A Will is a legal document that reflects how you would like your estate to be distributed, who you would like to administer your estate for you, and who you would like to care for your minor children in the event there is no surviving parent. If you do not have a Will in place appointing a guardian for your children, you will have no input in who will raise your children if you were to pass away.
Although unpleasant to think about, choosing someone to care for your children in the tragic circumstance something were to happen to you, is necessary. In the event of the death of one parent, the surviving parent will continue to be the legal guardian of the children unless circumstances suggest this is not in the best interests of the child (for example where, against the surviving parent, there are existing court orders removing parental responsibility, restraining orders, domestic violence or a history of drug or alcohol abuse). If there are no instructions in your Will as to who you would like to be guardian of your children, any person with a sufficient interest may apply to the Family Court for guardianship. To avoid this situation, you must appoint a guardian.

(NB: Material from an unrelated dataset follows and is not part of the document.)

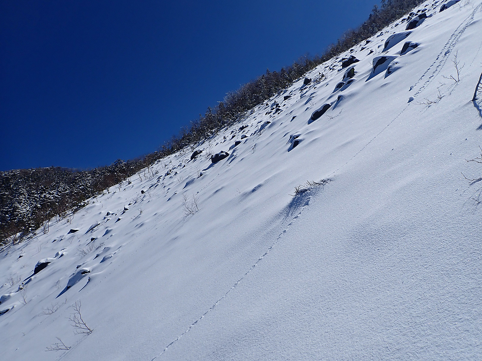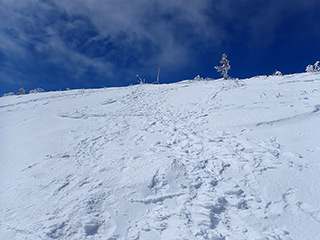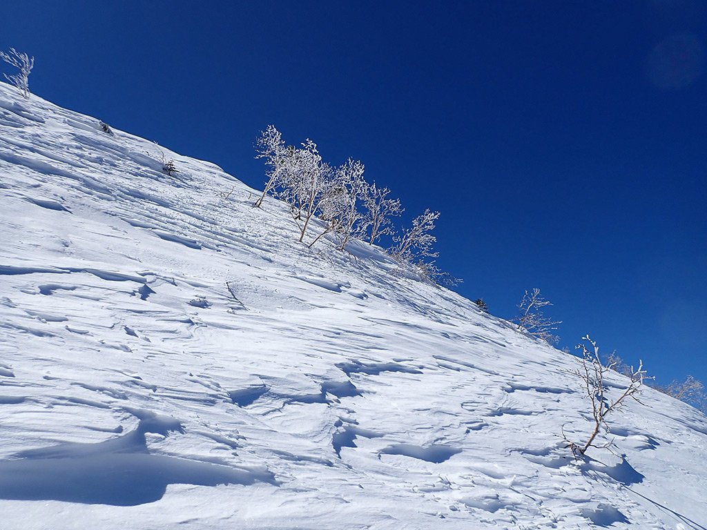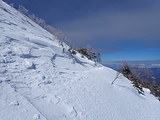 途中から斜面をトラバース気味に登って行きます。昨日の強風の影響かパック気味の新雪が10cmほど。

By specifying in your Will who you would like to be guardian of your children, you are making a legal appointment. This is a decision that you should consider very carefully and discuss with the elected guardian prior to making your Will. You may appoint more than one guardian, as well as a substitute guardian. When making a decision about who should be guardian of your children, some things you might like to consider are:
- the age of your children and the prospective guardian
- the current relationship between your children and
- the prospective guardian
- will the guardian be able to provide your children with a stable home environment
- will the guardian respect your wishes for how you would like your children to be brought up and cared for
- is the guardian willing to take up the role and are they physically, financially and emotionally capable
You might also like to consider the wishes of your children, depending on their age.
In your Will you may set out guidelines or a statement of intentions as to how you wish your children’s inheritance to be used prior to your children turning 18. For example, you might wish to set aside funds for your children to travel or for education. You might also like to ensure their guardian is not out of pocket. By giving the executor of your Will the power to advance money to your children’s guardian for this purpose, you are protecting your children’s best interests. Although it is possible to appoint the same person as executor of your Will and guardian of your children, it is advisable to choose different people for these roles or to appoint a co-executor to avoid any potential conflicts of interest or misconduct.
It is important to note that even if you do have a Will in place appointing a guardian, a person with sufficient interest may challenge the appointment and apply to the Family Court for guardianship of your children. If this were to happen the Court would make the final decision about who becomes guardian of your children “in the best interests of the child”, taking into consideration any directions you left behind and potentially the wishes of the children (depending on their age).